WHAT YOU WILL DO -
Your answer should hold only the lines from the start of the data below through the line with "The Spotify example", copied exactly, with pictures left out.

DATASET CONTENT -
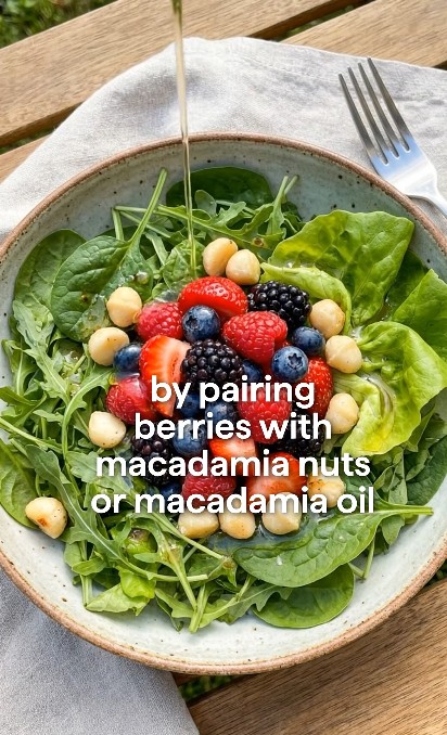 - Berry salad: Lightly drizzle macadamia nut oil over mixed berries and finish with fresh mint or a sprinkle of crushed nuts.
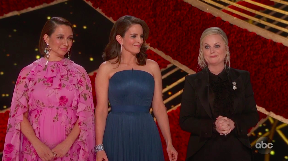 Tina Fey, Maya Rudolph, and Amy Poehler! They’re not hosting but now that they’re up there I really wish they were. More of this please world.
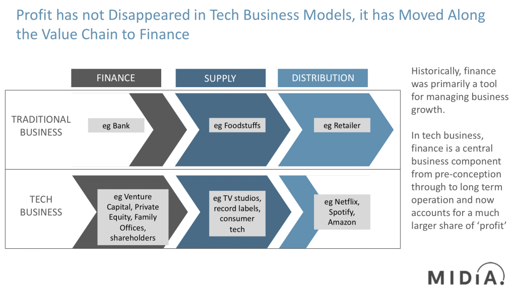 The Spotify example illustrates how profit has shifted across the value chain in tech businesses, delivering profit for investors, suppliers and founders. In effect a new ecosystem has evolved in which the new profit centres can support the distribution part of value chain indefinitely. With growth valued over profitability by shareholders, the markets provide further sustenance to the ecosystem.
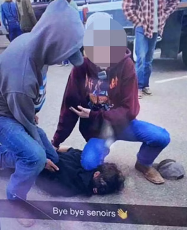The third teenager was in charge of taking the photo, captioning their snap as “bye bye senoirs.” Their image had spread through the use of social media, and was shown on a Change.
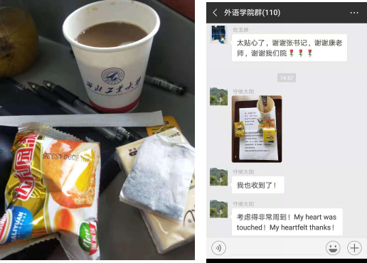 的教师在收到“暖心茶点”以后,纷纷激动的说出感谢的话语,大家不约而同的在学院群里、朋友圈里点赞留言,表达自己的惊喜和感谢之情,在气温骤降的几天里,茶点暖胃又暖心。
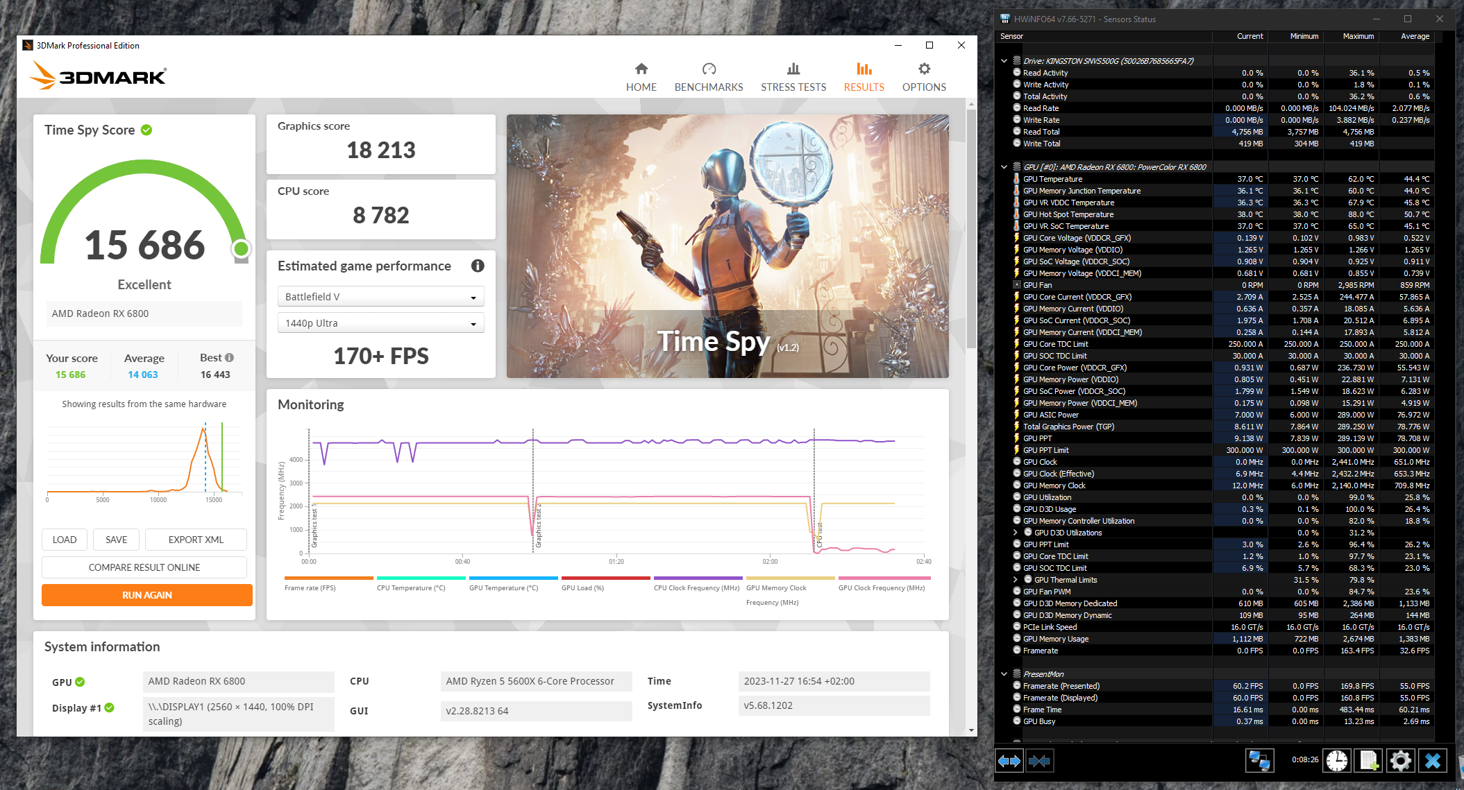 Я делал прогон с лимитом в 300Вт и потребление в пике было 273Вт, была ошибка, снизил частоту до 2450, прошло нормально, но я скрин не делал. Тут вот есть рояльный порт с лимитом 300 и потреблением 275. Если надо могу еще раз прогнать Time Spy. https://forums.overclockers.ru/viewtopic.php?p=18089191#p18089191 Там кстати видно что фактическое напряжение максимум около 0.985, хотя настроено 1.025...на 6600 у меня фактическое было чуть больше чем 1.100, в то время как настроено было 1.080. Наверное поэтому у меня 6800 не дотягивает до 300Вт.
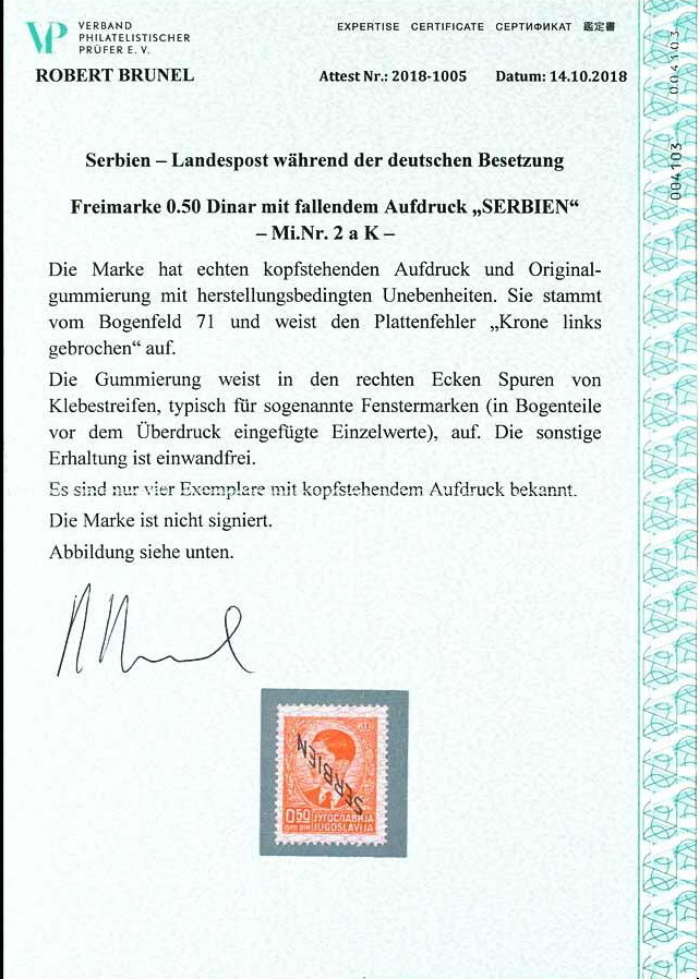 | Zusatzinformationen und Suchstichworte: | Dr. Reinhard Fischer 193. Auktion 21. - 22. Juli 2023 Los 4800 Deutsche Besetzung II. WK Serbien 0,50 Din Freimarke rotorange, mit kopfstehendem Aufdruck "SERBIEN", Marke von Bogenfeld 71 mit zusätzlicher Abart "Krone links gebrochen". Die originale Gummierung weist die für sogenannte "Fenstermarken" (in Bogenteile vor dem Überdruck eingefügte Einzelwerte) Spuren auf, sonst in einwandfreier Erhaltung. Es sind nur 4 Exemplare mit kopfstehendem Aufdruck bekannt - mit Plattenfehler handelt es sich um ein Unikat! Allergrößte Rarität der deutschen Besetzungsausgaben im II. Weltkrieg. Fotoattest Dr.Zydek BPP und Fotoattest Robert Brunel VP (2018): "Die sonstige Erhaltung ist einwandfrei." Ausruf 2.000,00 EUR |
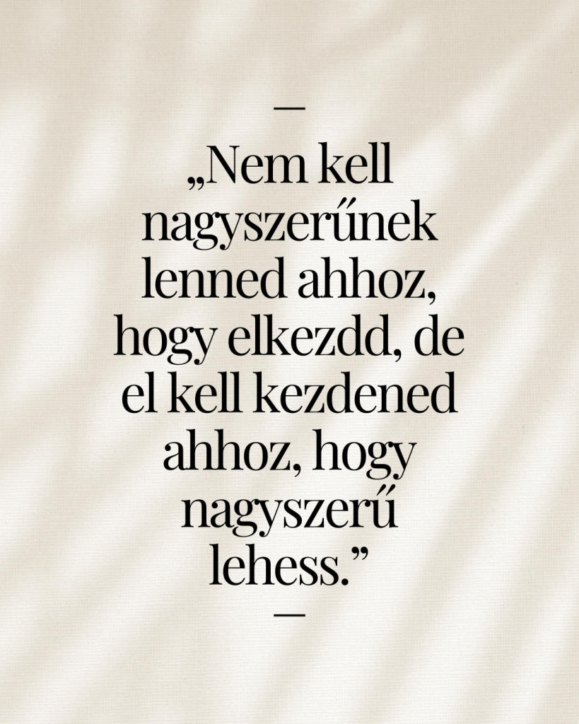 „Nem kell nagyszerűnek lenned ahhoz, hogy elkezdd, de el kell kezdened ahhoz, hogy nagyszerű lehess.”
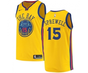 Men's Nike Golden State Warriors #15 Latrell Sprewell Swingman Gold NBA Jersey - City Edition
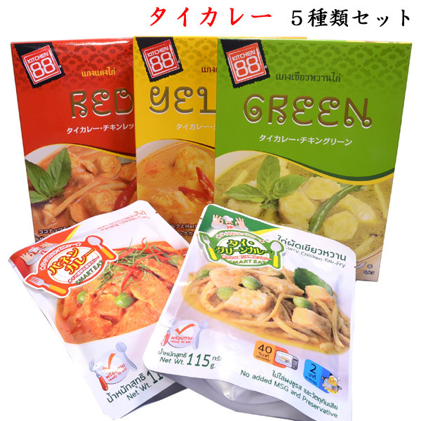 ・セット内容 チキングリーン/チキンレッド/チキンイエロー/タイグリーンカレー/タイパネンカレー 各1袋
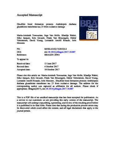 Title: | Disulfide bond formation protects Arabidopsis thaliana glutathione transferase tau 23 from oxidative damage |

RESULT OF THE EXERCISE -
 - Berry salad: Lightly drizzle macadamia nut oil over mixed berries and finish with fresh mint or a sprinkle of crushed nuts.
 Tina Fey, Maya Rudolph, and Amy Poehler! They’re not hosting but now that they’re up there I really wish they were. More of this please world.
 The Spotify example illustrates how profit has shifted across the value chain in tech businesses, delivering profit for investors, suppliers and founders. In effect a new ecosystem has evolved in which the new profit centres can support the distribution part of value chain indefinitely. With growth valued over profitability by shareholders, the markets provide further sustenance to the ecosystem.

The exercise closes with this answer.